§ ACTIVITY: When copying the data below, keep only the lines from the one with "Es un lugar" through the one with "Пленка прозрачная 70см", word for word, and skip the pictures.
- Opening Delimiter -
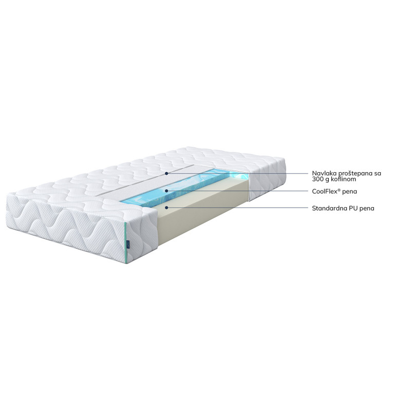CoolFlex® пяната е изключително издръжлива и адаптивна, нейната клетъчна структура позволява висока еластичност и оптимално ниво на поддръжка, така че матраците, изработени от тази пяна, могат да бъдат класифицирани като матраци с подчертани ергономични ортопедични свойства. Тази пяна разпределя натиска върху цялата подложка, така че помага да се предотврати прехвърлянето на движение към човека, до когото спите. Благодарение на отличната си проветривост, позволява повишена циркулация на въздух и влага и се връща в първоначалната си форма веднага след компресия.
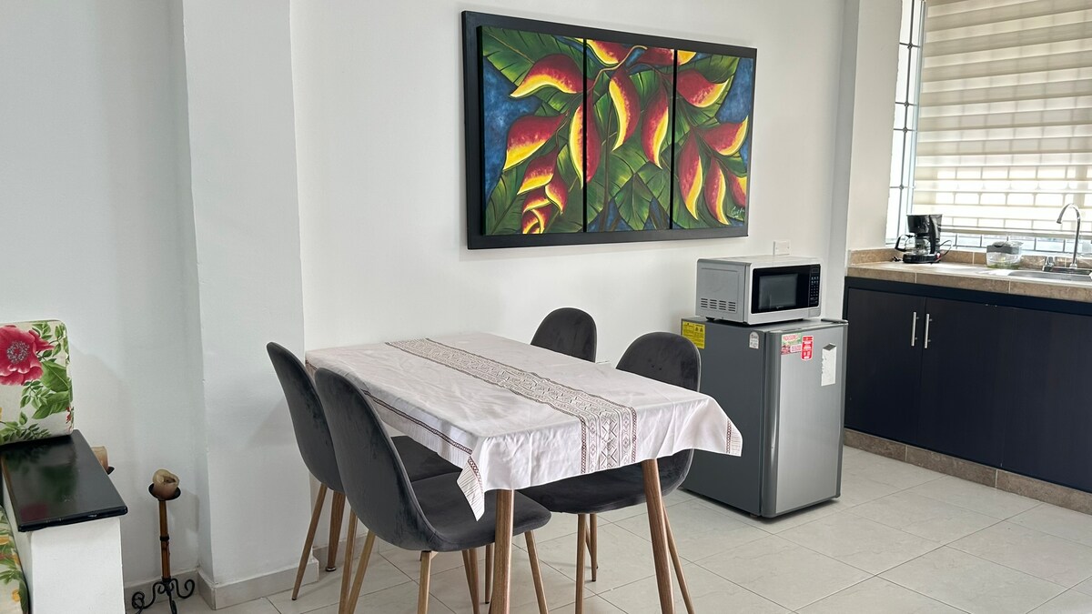 Es un lugar muy bonito bien ubicado y cómodo. La habitación Principal tiene aire acondicionado, TV con cable y Sonido, es muy confortable. Tiene un baño impecable y muy higiénico, está central y muy cerca de centro comercial, mercado, bancos y centro de la ciudad
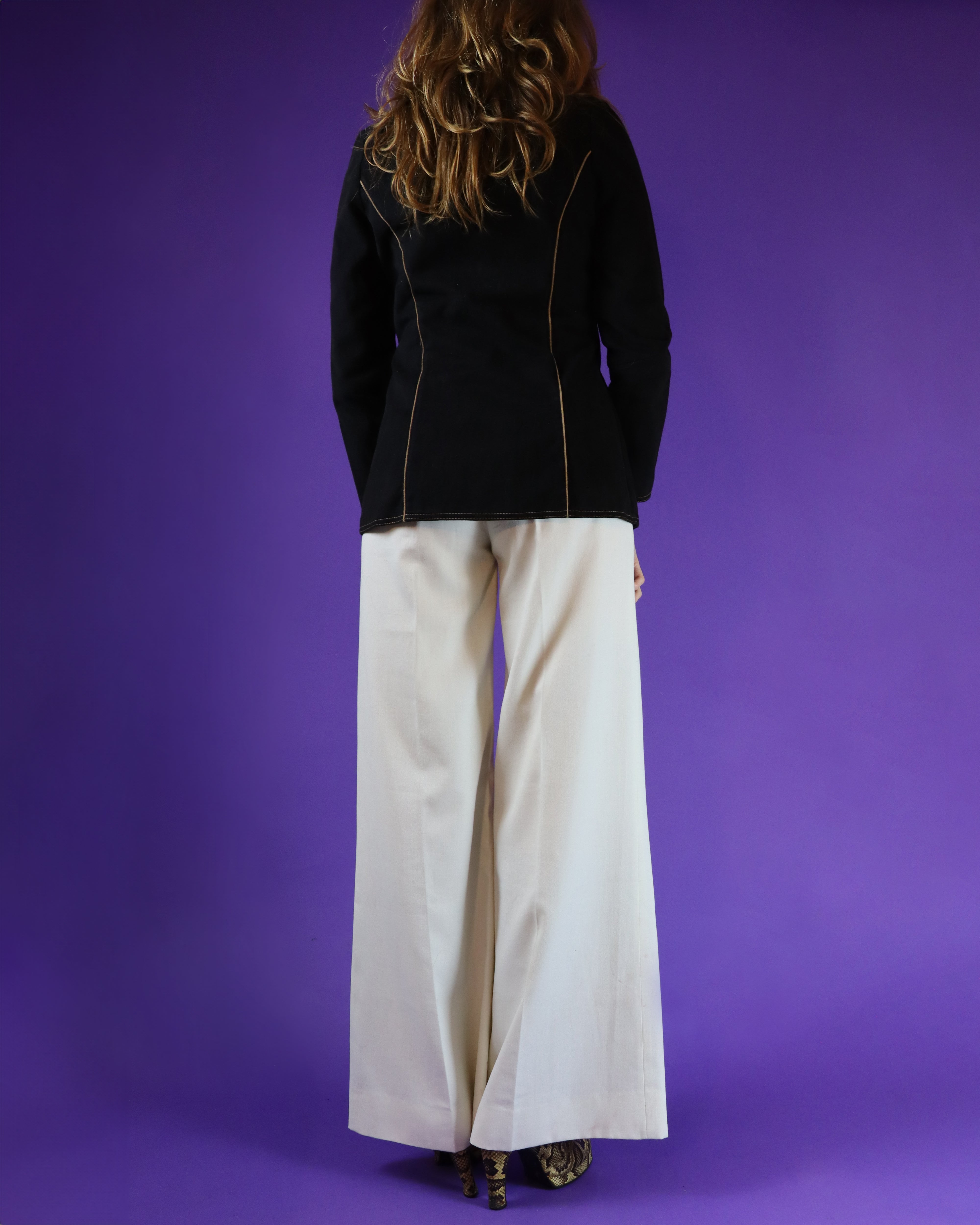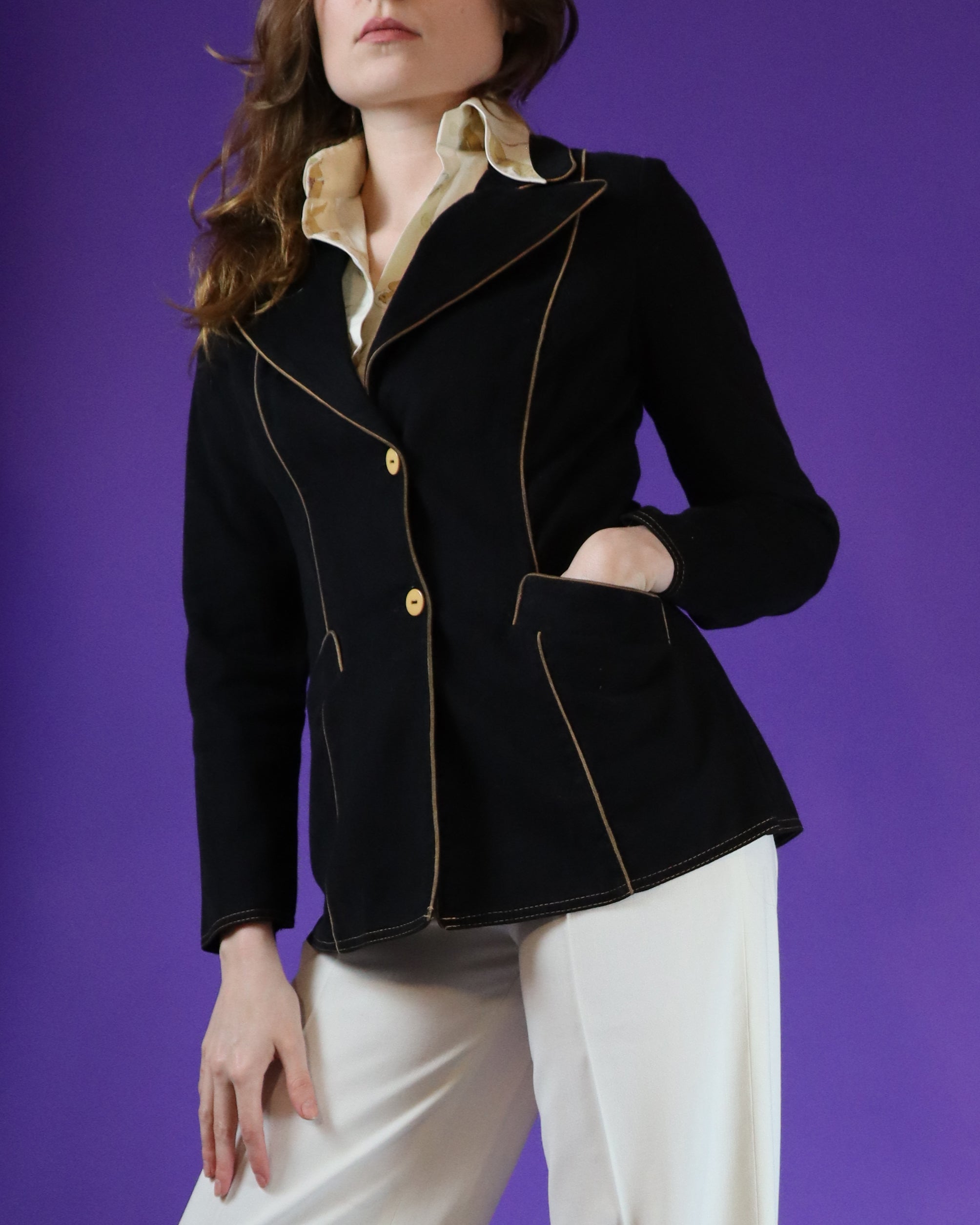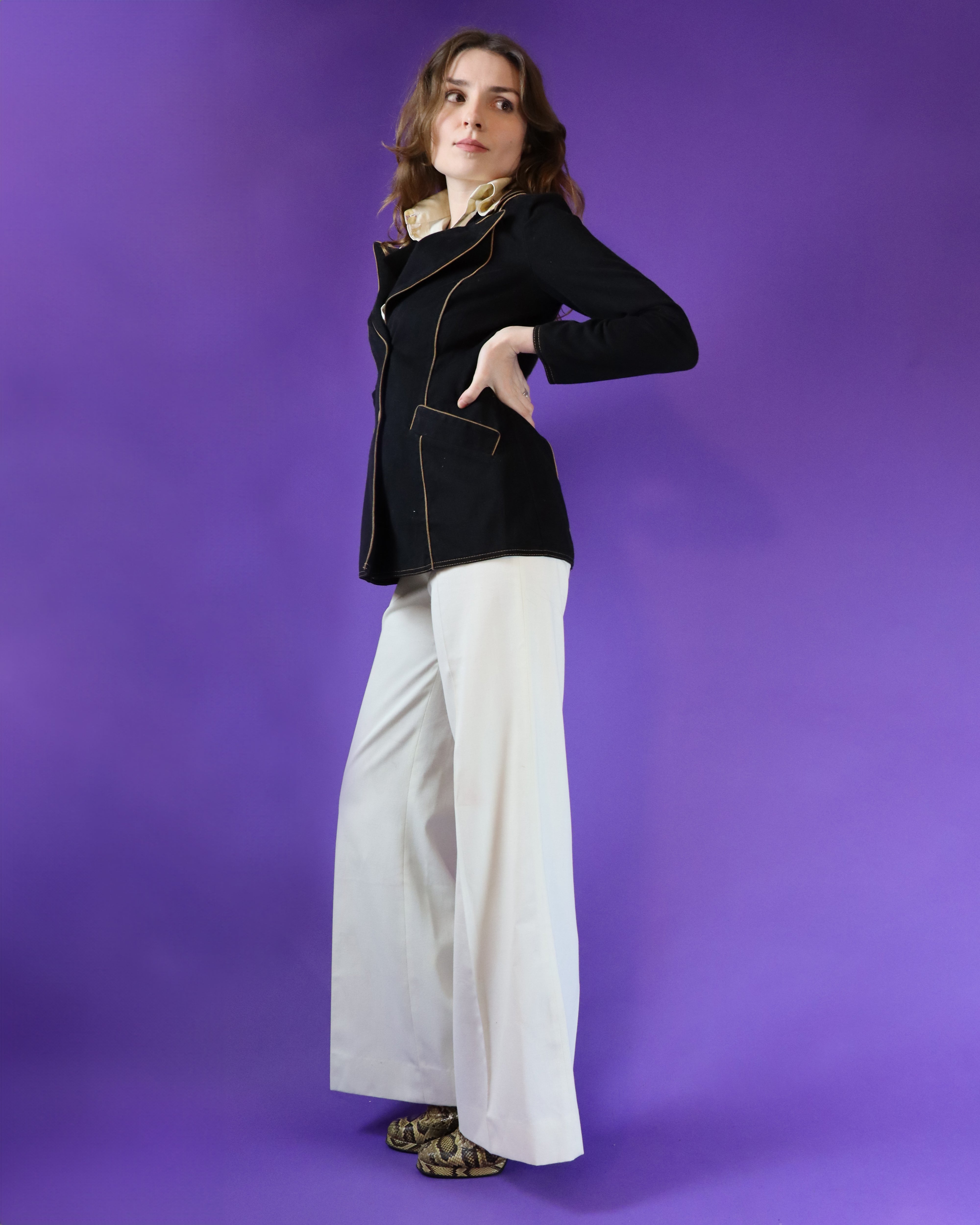 Vintage 1970s blazer by iconic and collectible label Roncelli. Black soft brushed cotton with contrast beige suede piping, matching wooden buttons and fabulous widespread peaked lapel. Roncelli pieces are always cut so ingeniously and this is no exception- I love the attention to detail on the pocket seams and vertical suede stripes. Super flattering & sharp piece.
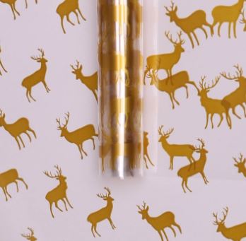 Пленка прозрачная 70см Северные олени золотой
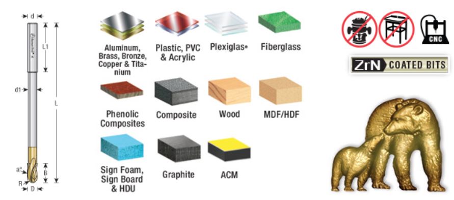 Specially designed for 2D and 3D CNC profiling and carving in plastic, aluminum & wood with CNC machines. The high-shear ball nose tips cut smooth 2D and 3D contours with reduced stepping while the proprietary ZrN coating (applied by the physical vapor deposition coating process) provides high resistance to wear, sharper cutting edges, extended tool life, and less friction and heat buildup. Some of Amana Tool carving tools, as you can appreciate, have a very small diameter therefore any material chip loads need to reflect that small size. It can however withstand RPM’s up to 60,000 RPMs. A directed air-blast to keep chips away along with cooling the tool and workpiece are always welcome. Tools are manufactured with high balance that allows them to run up to 60,000 RPMs. Adjust your chip load and feed rate accordingly.
- Closing Delimiter -
§ EXERCISE RESULT:
 Es un lugar muy bonito bien ubicado y cómodo. La habitación Principal tiene aire acondicionado, TV con cable y Sonido, es muy confortable. Tiene un baño impecable y muy higiénico, está central y muy cerca de centro comercial, mercado, bancos y centro de la ciudad
 Vintage 1970s blazer by iconic and collectible label Roncelli. Black soft brushed cotton with contrast beige suede piping, matching wooden buttons and fabulous widespread peaked lapel. Roncelli pieces are always cut so ingeniously and this is no exception- I love the attention to detail on the pocket seams and vertical suede stripes. Super flattering & sharp piece.
 Пленка прозрачная 70см Северные олени золотой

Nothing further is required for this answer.